Cada vez estoy más convencido de que no existen empresas zombi, existen empresarios zombi. He conocido directivos con mentalidad de empresarios que han reflotado, o mantenido a flote, empresas que cualquier contable hubiera aconsejado su suspensión de pagos, cuando no su quiebra.
Las empresas se mantienen y se salvan, o se quiebran, por los que las dirigen. Es la diferencia entre el contable y el empresario. El primero da informaciones precisas pero inútiles. Dice, por ejemplo: usted está quebrado. Algo riguroso pero que ya no sirve para nada. El segundo, si es de verdad un buen empresario, dice: vamos a hacer esto y lo otro para mejorar y no quebrar o para salir de esa posible suspensión de pagos.
Es lo que ocurrió con Goirigolzarri y su equipo en Bankia. Todo el mundo hubiese dado por quebrada la entidad bancaria. Pero Goirigolzarri la reflotó y la ha llevado a buen término. Rodrigo Rato ha dicho que si a él le hubieran dado los 23.000 millones de euros también lo hubiera hecho. Lo que no dice es que a él probablemente las autoridades europeas bancarias y el Estado no le hubieran dado esos dineros. Sus antecedentes políticos eran una carga para él. Pudo ser un buen ministro de Economía, pero eso no asegura que fuera un buen empresario en el sector privado.
Las competencias para cada uno de esos menesteres son distintas. Todos recordamos buenos empresarios que fracasaron en política cuando quisieron entrar en asuntos públicos y al revés. Alguna vez se da la rara casualidad de personas capaces en ambos lados. Pero es eso: una rareza.
Las empresas se mantienen y se salvan, o se quiebran, por los que las dirigen. Es la diferencia entre el contable y el empresario
Los empresarios reflotadores cumplen con una premisa: son capaces de devolver la confianza en la empresa que dirigen a sus diferentes stakeholders (participes en castellano): clientes, financiadores, proveedores, accionistas (mayoritarios y minoritarios si los hay), empleados y directivos, sindicatos y patronales, gobiernos, Administraciones y la sociedad donde operan. Se fían de ellos y de sus políticas porque lo han demostrado anteriormente.
Goirigolzarri y su equipo obtuvieron la confianza de todos ellos para Bankia. Ahora han llevado la entidad a un puerto seguro. Todos, incluido el Estado, están satisfechos de la operación. Los españoles saben que tarde o temprano se recuperará parte del dinero público invertido o se mantendrá en la entidad fusionada por su valor.
En consecuencia, se necesita hacer lo mismo con Abengoa. Hay que buscar un Goirigolzarri, en este caso industrial. Su primer objetivo es recuperar la confianza de los acreedores gracias a dos condiciones: a) su récord anterior como empresario industrial; b) su propuesta de estrategia para la compañía.

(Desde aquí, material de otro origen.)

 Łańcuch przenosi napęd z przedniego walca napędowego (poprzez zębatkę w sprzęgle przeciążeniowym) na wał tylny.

El líder cumple tres condiciones. La primera es tener una visión original del futuro. Ver como será la empresa en unos años y saber como llegar a esa meta. Tener visión y como conseguirla. La segunda condición es ser capaz de ilusionar a los diferentes componentes de la compañía para aglutinarlos en torno a esa visión y conseguir su esfuerzo.
Formar equipos competentes y fiables dispuestos a empujar en la dirección adecuada. La tercera condición es ser fiable éticamente. Haber demostrado que sus intereses personales se compaginan o, incluso, se supeditan a los intereses generales de la entidad y sus stakeholders.

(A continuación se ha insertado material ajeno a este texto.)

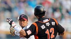 '2009 CJ 마구마구 프로야구' LG 트윈스와 롯데 자이언츠의 경기가 15일 오후 잠실구장에서 벌어졌다. 4회초 무사 1루 상황에서 롯데 정수근의 내야땅볼 때 LG 박종호가 1루주자 김주찬을 포스아웃시키고, 1루로 송구하여 병살아웃을 만들고 있다./잠실=윤민호 기자ymh@osen.co.kr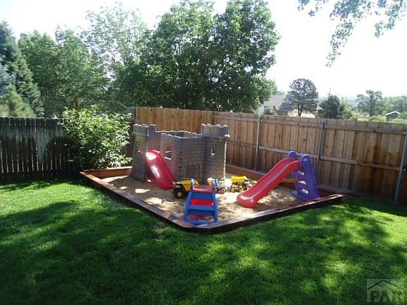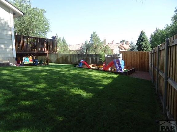 This home boasts pride of ownership with beautiful mature landscaping in the front yard that includes large rocks purchased from Cheyenne Mountain Zoo. The park like feel of this yard wraps around to the rear of the home with newer six foot wood privacy fence, fresh sod, automatic sprinkler system front/back, and yes a sand pit. The wood deck adjacent to the master bedroom has been completely refurbished and is the perfect spot to enjoy a relaxing evening, the second deck is located off the kitchen for ease of outdoor grilling. Electric garage door with access pad, newer hot water heater 2018, newer roof 2019. Kitchen consists of granite countertops, gas stove with electric stove hook-up as well. Kitchen island is on wheels to allow easy mobility when entertaining. Additional washer/dryer hook-ups located in the upstairs hall closet, should you desire main level laundry. Ample storage in garage as well as utility room. Do not miss out on this spacious rancher with full basement and the opportunity to be the envy of the neighborhood. All measurements approximate and information contained herein deemed accurate but not guaranteed - buyer to verify.

¿Cómo estar seguros de que un dirigente empresarial los tiene y puede ser un líder? Sólo la trayectoria anterior de la persona da indicios sobre esas posibles capacidades. No es fácil encontrarlos. El caso de Goirigolzarri fue una suerte tenerlo a mano, que estuviera disponible y dispuesto a aceptar el reto.
Así que los acreedores de Abengoa debieran estar dispuestos a buscarlo y contratarlo. Pero no basta con la persona. La empresa necesita capitalizarse y refinanciar las deudas. Si a ese empresario se le añade la SEPI como accionista se tienen los mismos ingredientes que salvaron a Bankia.

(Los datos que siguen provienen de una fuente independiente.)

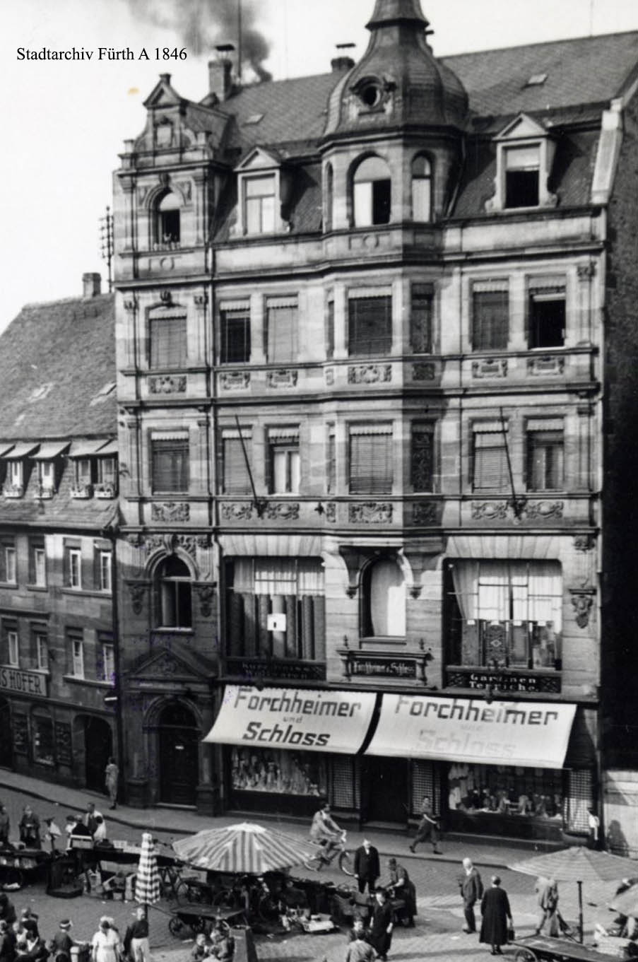 | Dateiinfo (Bild-Unterschrift und Info-Box, automatisch erstellt) | Forchheimer & Schloss; Obstmarkt 1 Urheber: unbekannt<br>Lizenz: Bildlizenz-Stadtarchiv | ||

Abengoa necesita esas dos cosas: un Goirigolzarri industrial y a la SEPI. Con su conjunción se recuperaría la confianza se salvarían los puestos de trabajo y el fondo de comercio que supone el "saber hacer" industrial y tecnológico acumulado durante años. Perderlo es retroceder en la construcción de ese tejido industrial que todos los expertos piden para la reconversión de nuestra economía.
*** José Ramón Pin es profesor del IESE.